Regarding Japanese publishers and western devs- the products of 10-15 years ago were the result of a very different industry and publishing mindset.
Japanese publishers went through a big shock in the late 2000s and early 2010s as the industry navigated two major shifts: offline to online titles and SD to HD asset pipelines. The domestic industry was stagnant while the western industry grew. It was the reason we (I was at SQEX at the time) acquired Eidos: Wada-san determined the best way to manage this shifts was to build titles oriented toward larger, western markets.
We created multiple titles, some managed by Japanese, some managed by Westerners, trying to tackle this market and its shifts. This is why you got new Tomb Raiders, Hitman, Sleeping Dogs, as well as titles like Murdered: Soul Suspect (Japanese creator, western dev). The logic was western devs would best know how to develop for westerners.
It was very hard to get the best western talent, though. The really good creators founded their own studios, or were attracted to work at western publishers so if you were a Japanese publisher trying to get a western team to develop, you were often dealing with work for hire studios, and because of the nature of sales (30% to gamestop, 30% to sony, 10% to manufacturing, and you don't get a dime from re-sale) you needed to manage the budget very carefully.
Communication wasn't easy, and every time we had Japanese creative or management working with western devs, we ran into cultural and development issues, particularly as the industry shifted away from traditional packaged/single player titles toward online titles with f2p and other business models. Additionally, engines were very hard.
The Japanese publishing business is radically different today. You can thank digital stores, mobile and Unreal.
Digital stores: you now have an ongoing window for sales for titles beyond the package disc. The way sales worked then, you sold in to GameStop, paid them 30% of your revenue, and you trusted them to do the rest of the work. Now you can have direct relationships + have a long tail of sales through Steam, App store, Game Pass., etc. This improves profitability and letting you invest more into the content quality.

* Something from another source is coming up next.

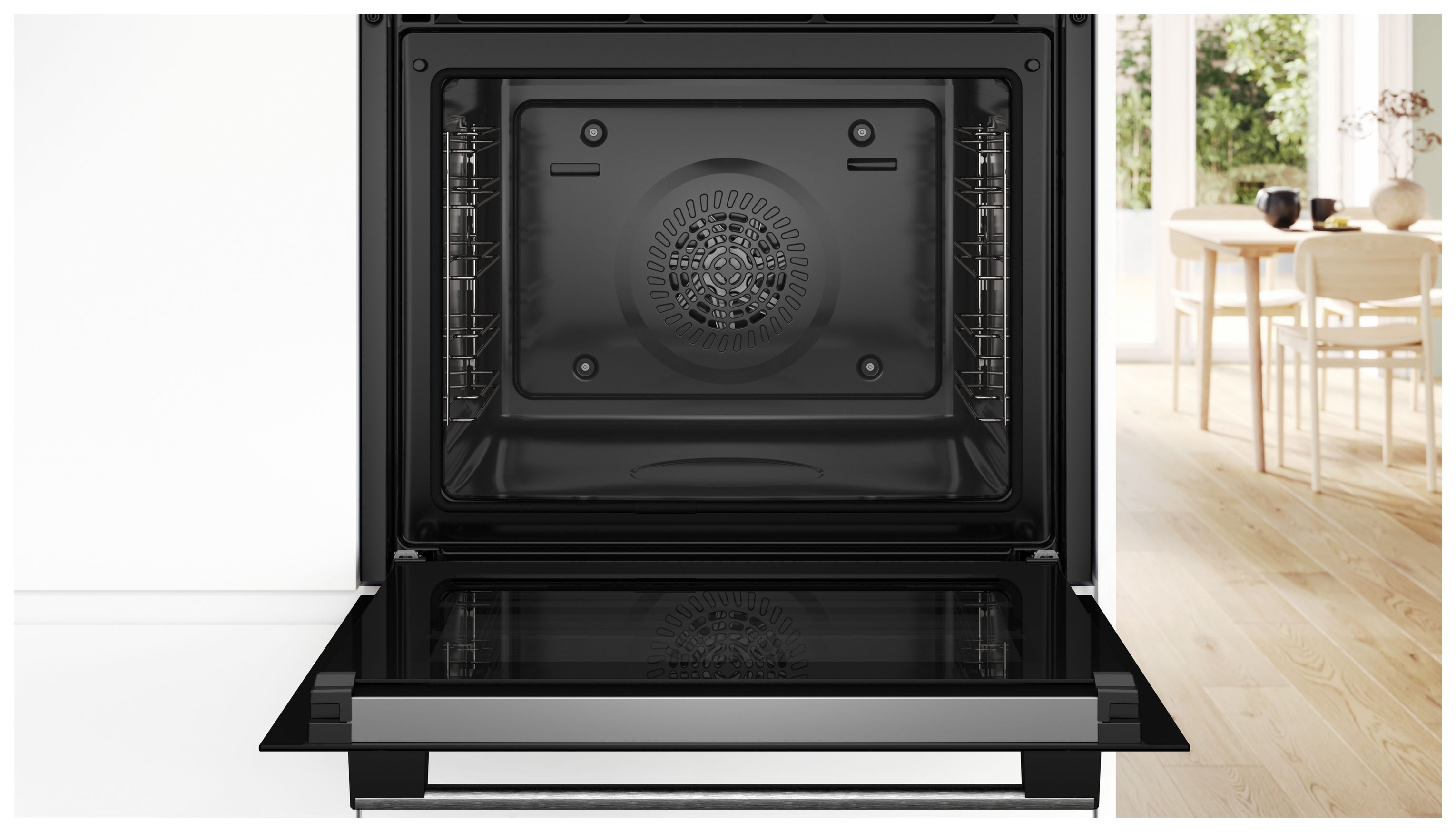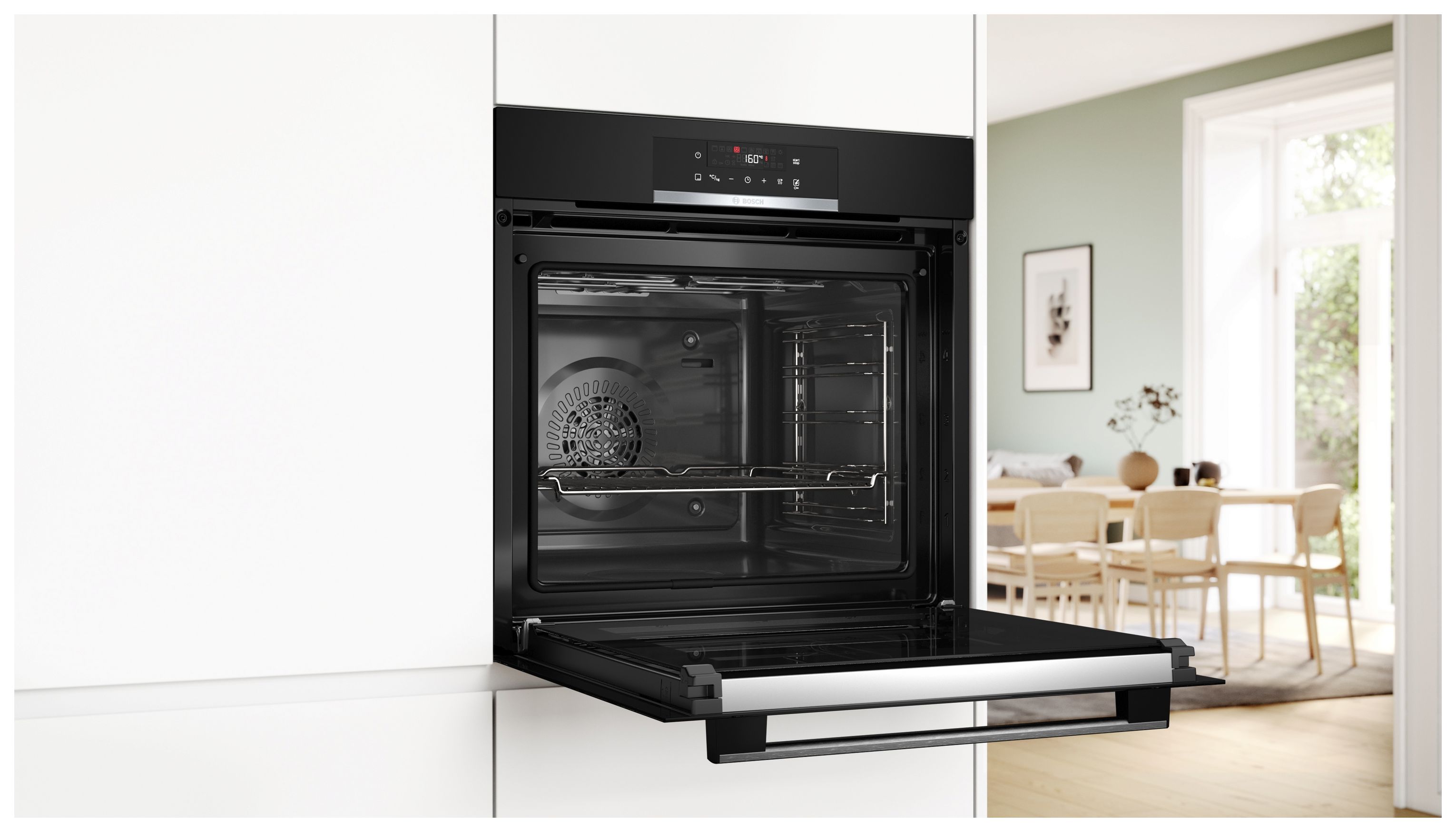 Durch das in dem HBA171BB3 integrierte AutoClean-System erübrigt sich das aufwändige Entfernen von Rückständen mit aggressiven Backofensprays. Mit einem beeindruckenden Garraumvolumen von 71 Litern und einer LED-Innenbeleuchtung sorgt der Bosch iQ700 für perfekte Kochbedingungen bei jedem Gebrauch. Dank des hochwertigen Glastürmaterials bleibt die Außentemperatur des Ofens konstant niedrig, was für zusätzliche Sicherheit bei der Verwendung sorgt.
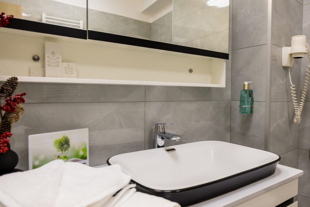 Baia privata impresioneaza prin designul modern, fiind dotata cu dus walk-in, halate de baie, papuci, articole de toaleta gratuite si uscator de par, pentru o experienta relaxanta si completa.

Mobile: the strength of the domestic mobile industry in Japan taught a generation of developers how to create online, connected titles which was missing a decade prior and revitalized profits, enabling Japanese publishers invest in tech and quality.
Finally, Unreal Engine resolved the asset pipeline issue by eliminating old engine tech as a factor. (Look how much of FF and DQ is on UE now. RE is one of the few holdovers of its own engine; even SF moved to UE. Our Ascension title is also Unreal.)
Now we're in a new era where Japanese publishers understand the engine and HD asset pipeline, see possibilities in the business model, and finally, have worked out the problematic communication and cultural aspects of working with western studios and western creators. So you can have good control over the IP and the creative with the benefits of a global workforce.
If you want proof of the latter you can see it in the way in which Japanese publishers are working with Hollywood: the Sonic films, the upcoming Mario film. High quality output that respects the IP. Beyond Ascension, we also released PAC-MAN Community last year with Bandai that's had 8m players.